Leave the example calls in place (with corresponding expected output in the respective files) in order to test your code.
As a hint, you likely will want to use `range` and `for...in` to iterate through all the positive integers up to (and including) `n`, and you can incrementally compute larger and larger factorial values.

In [19]:
# Define your write_factorial function here.  Leave the calls in place below for testing.
def write_factorial(file_name,n):
    with open(file_name, "w") as file_handle:
        factorial = 1
        for i in range(n + 1):
            if i == 0:
                factorial = 1
            else:
                factorial *= i
            file_handle.write(str(factorial) + "\n")

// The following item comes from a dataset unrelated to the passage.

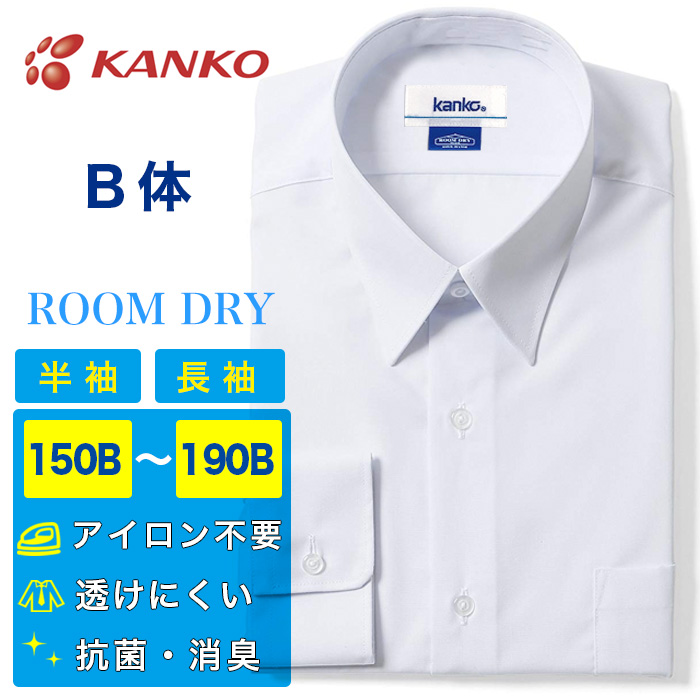 男子 スクールシャツ B体 半袖 長袖 カンコー ルームドライ 速乾 抗菌消臭 形態安定 防透 UVカット ノーアイロン メンズ 大きいサイズ対応 ワイシャツ ROOMDRY

write_factorial("f1.txt", 4)
# expected contents of f1.txt after the above line is executed:
# 1
# 1
# 2
# 6
# 24

write_factorial("f2.txt", 0)
# expected contents of f2.txt after the above line is executed:
# 1

write_factorial("f3.txt", 10)
# expected contents of f3.txt after the above line is executed:
# 1
# 1
# 2
# 6
# 24
# 120
# 720
# 5040
# 40320
# 362880
# 3628800

## Step 3: Submit via Canvas ##

Be sure to **save your work**, then log into [Canvas](https://canvas.csun.edu/).  Go to the COMP 502 course, and click "Assignments" on the left pane.  From there, click "Assignment 17".  From there, you can upload the `17_file_io.ipynb` file.

You can turn in the assignment multiple times, but only the last version you submitted will be graded.